Wavelet GPT: Wavelet Inspired Large Language Models

Published 4 Sep 2024 in eess.SP, cs.AI, cs.CL, cs.LG, cs.SD, and eess.AS | (2409.12924v4)

Abstract: LLMs have ushered in a new wave of artificial intelligence advancements impacting every scientific field and discipline. We live in a world where most of the data around us, e.g., text, audio, and music, has a multi-scale structure. This paper infuses LLMs with a traditional signal processing idea, namely wavelets, during pre-training to take advantage of the structure. Without adding \textbf{any extra parameters} to a GPT-style LLM architecture in an academic setup, we achieve the same pre-training performance almost twice as fast in text, audio, and images. This is done by imposing a structure on intermediate embeddings. When trained for the same number of training steps, we achieve significant gains in performance, which is comparable to pre-training a larger neural architecture. Further, we show this extends to the Long Range Arena benchmark and several input representations such as characters, BPE tokens, bytes, waveform, math expression, and image pixels. Our architecture allows every next token prediction access to intermediate embeddings at different temporal resolutions in every decoder block. We hope this will pave the way for incorporating multi-rate signal processing into pre-training.

Abstract PDF HTML Upgrade to Chat

References (57)

Summary

The paper introduces WaveletGPT, integrating wavelet-based multi-scale representations into transformer embeddings to accelerate large language model pre-training.
Experiments show WaveletGPT pre-training is 40-60% faster than conventional methods, achieving equivalent performance across text, music, and audio.
This approach offers a more resource-effective and scalable method for training large language models, beneficial for academia and industry with limited resources.

Overview of WaveletGPT: Wavelet Inspired LLMs

The paper "WaveletGPT: Wavelet Inspired LLMs" offers a novel approach to accelerating the pre-training of LLMs by integrating multi-scale representation concepts through wavelets. Traditional LLM architectures, such as those based on the GPT (Generative Pretrained Transformer) framework, have been primarily focused on scaling parameters to achieve improved performance across various modalities, including text, audio, and music. However, this study introduces a departure from conventional methods by employing hierarchical signal processing techniques—specifically, wavelets—within the transformer architecture, which significantly enhances pre-training efficiency without adding additional parameters.
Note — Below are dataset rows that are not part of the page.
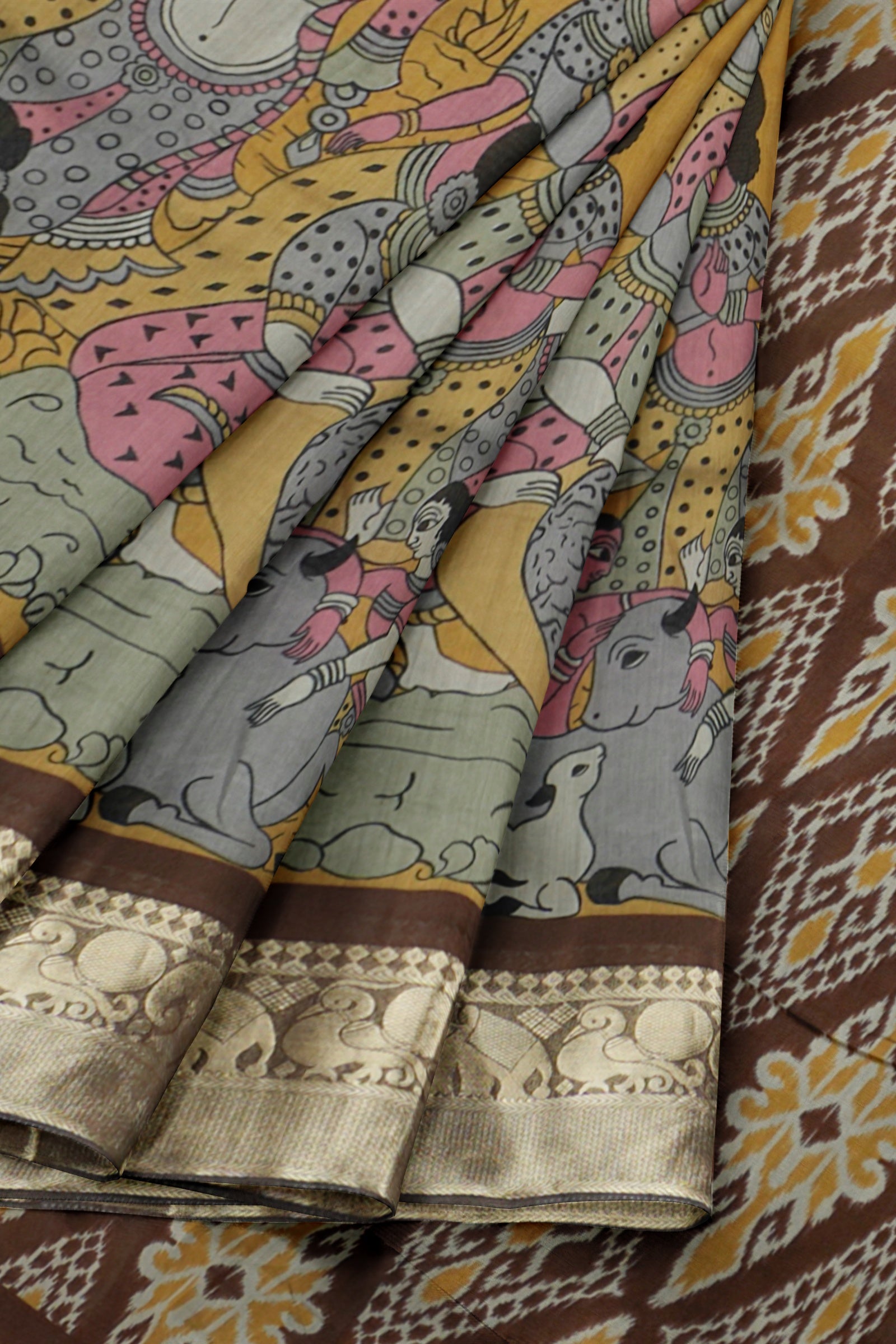 Mustard Yellow Epic Tales Printed Cotton Zari Border Saree
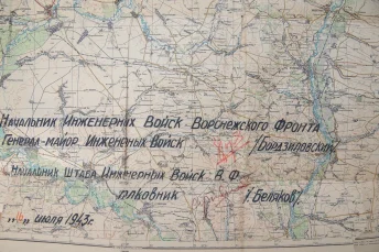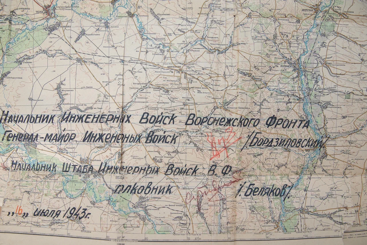В нижнем левом углу карты — подписи начальника инженерных войск Воронежского фронта генерал-майора Бордзиловского и начальника штаба инженерных войск Воронежского фронта полковника Белякова, уточнила она.
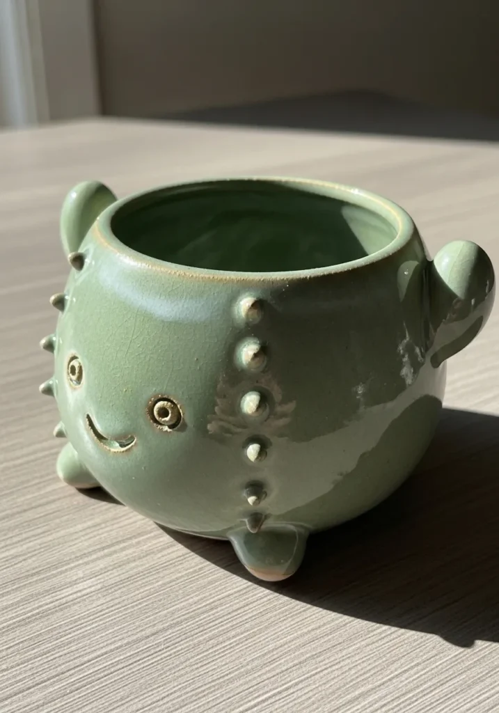 This rounded little planter has a chubby, cauldron inspired shape with tiny rounded feet and cute raised dots wrapping around the body. The soft sage green glaze gives it a cozy, earthy look, while the glossy finish highlights the subtle curves and small sculpted details. The rim is slightly thick and sturdy, which makes the form feel balanced and beginner friendly. Light catches along the bumps and feet, adding dimension without making the design feel fussy.
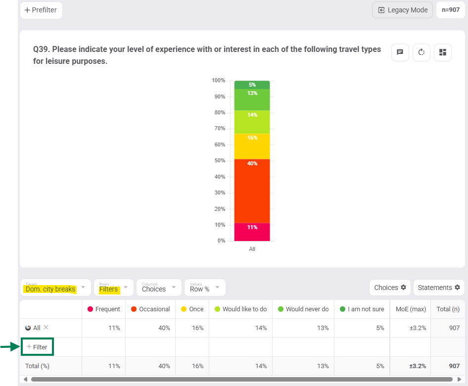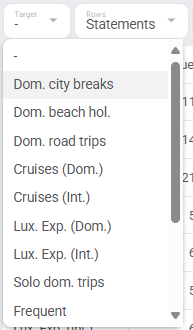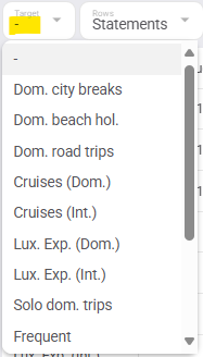To see your results across multiple filters, click the 'Target' dropdown above your table to the left and select a target Statement, e.g. "Domestic city breaks".
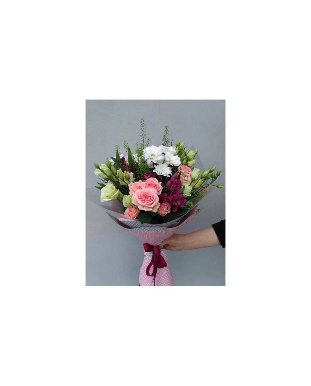 Bukiet kwiatów mieszanych róże, eustoma, margarytka, astromeria.
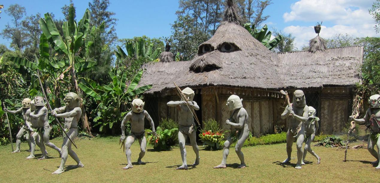 东高地传统房屋通常为圆形或长方形,外墙用野生甘蔗或竹子编织而成。房屋建得很低,以便在寒冷的气候下保持室内温暖;高耸的茅草屋顶则可避免烟气影响住户。当地有一种称作“mumu”的土灶烹饪法(mumu是巴新为庆典活动烹制大量食物时使用的一种传统烹饪方式。大致做法是挖一个土坑,用烧热的煤或岩石填满,再放入用芭蕉叶裹好的肉类、蔬菜、芋头、椰奶等食材,煮几个小时)。
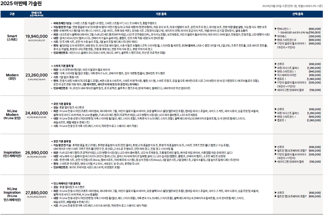 국민 세단 아반떼의 2025년식이 출시되었습니다. 여전히 국산차 최고의 판매량을 자랑하는 모델인데요. 한달에 꾸준히 4000대이상씩 판매되고 있습니다. 사회초년생, 회사 영업차량, 아이들 픽업차량등으로 많은 사랑을 받고 있죠. 이번 연식변경차량은 가격과 옵션이 어떤지 알아보겠습니다.

Methodology and Core Innovations

The central innovation in this work lies in manipulating intermediate transformer embeddings by applying a wavelet-based hierarchical structure. This method adopts fixed-length Haar wavelet kernels to impose a multi-scale structure on every decoder block's embeddings, enabling each next-token prediction to access these multi-resolution intermediate embeddings. This approach maintains the causality assumption intrinsic to many transformer models, distinguishing it from non-causal methods that utilize full sequence context for computation.

The generalized methodology encompasses re-structuring embeddings such that part of the model dimension maintains its original resolution while the remaining dimensions apply Haar wavelet-inspired averaging at various scales. This transformation leverages the intrinsic hierarchical nature of data, allowing the model to naturally capture different levels of abstraction present in input sequences. Furthermore, this study explores an extension involving learnable wavelet kernels, which consistently provides additional performance improvements.

Performance and Results

Experimental results demonstrate significant reductions in pre-training durations, achieving the same levels of performance 40-60% faster than conventional setups across text, symbolic music, and raw audio domains. When models are scaled down to typical academic architectures, such as a reduced model dimension or depth, similar improvements in efficiency and performance are sustained. These results underscore the efficacy of wavelet-infused intermediate embeddings in driving substantial gains in LLM performance during limited resource settings typical of academic environments.

The study quantifies these improvements through extensive benchmarks on datasets like text-8, achieving notable speedups and reduction in negative log likelihood (NLL) scores, indicative of enhanced pre-training dynamics. Moreover, the applicability is broad, encompassing various data modalities, underpinning the versatility of the wavelet approach in different contexts.

Implications and Future Research Directions

This research opens new pathways for incorporating classical signal processing techniques within contemporary AI architectures, specifically targeting the pre-training phase of large-scale models. By focusing on optimizing the internal structural representation within models rather than sheer parametric escalation, WaveletGPT contributes to a more resource-effective LLM training paradigm.

The implications of this work extend into facilitating more sustainable AI development, reducing computational overhead, and providing a scalable framework for academia and industry operating under resource constraints. The authors further signify the potential for this approach across various architectures and contexts, from simple linear transformer benchmarks in the Long Range Arena (LRA) tasks to more sophisticated hybrid models.

Future work may explore further integration of multi-rate signal processing and explore how wavelet-inspired representations can enhance real-time processing tasks, such as adaptive inference or fine-tuning in dynamic environments. Additionally, expanding on the learnable aspect of wavelet transformation kernels could yield more nuanced control over representation hierarchies, optimizing them for specific tasks or datasets.